The fair man was leaning lazily but gracefully against the trunk of a
tree, and he talked in a manner that seemed indolent and careless, but
which was neither to a youth in buckskins who sat opposite him,
a striking contrast in appearance. This youth was undeniably of the
Anglo-Saxon type, large and well-built, with a broad, full forehead, but
with eyes set too close together. He was tanned almost to the darkness of
an Indian.

"You tell me, Señor Wyatt," said Don Francisco Alvarez, the leader of the
Spanish band, "that the new settlers in Kaintock[A] have twice driven off
the allied tribes, and that, if they are left alone another year or two,
they will go down so deep in the soil that they can never be uprooted.
Is it not so?"

"It is so," replied Braxton Wyatt, the renegade. "The tribes have failed
twice in a great effort. Every man among these settlers is a daring and
skillful fighter, and many of the boys--and many of the women, too. But if
white troops and cannon are sent against them their forts must fall."

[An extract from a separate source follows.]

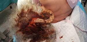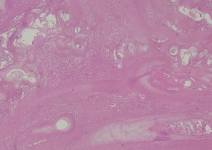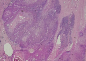Complete excision of the horn was done with V-Y plasty, and the tissue was sent for pathological examination. A coiled horn measuring 26 cm with an attached skin ellipse measuring 4.5 x 3 cm was received in the pathology laboratory. Histopathological examination revealed a well-differentiated squamous cell carcinoma with keratin horn formation (Figs. 3 and 4). The tumour involves the upper dermis only with no vascular or perineural invasion. The lesion was completely excised with clear excision and deep margins measuring > 4mm. The patient’s surgical excision site healed well (Fig. 5), and there were no clinical recurrences over the 5-year period (the patient was seen at 3, 4, and 5 years after excision).

The Spaniard was idly whipping the grass stems with a little switch. Now
he narrowed his metallic, blue eyes, and gazed directly into those of
Braxton Wyatt.

"And you, Señor Wyatt?" he said, speaking his slow, precise English.
"Nothing premeditated is done without a motive. You are of these people
who live in Kaintock, their blood is your blood; why then do you wish to
have them destroyed?"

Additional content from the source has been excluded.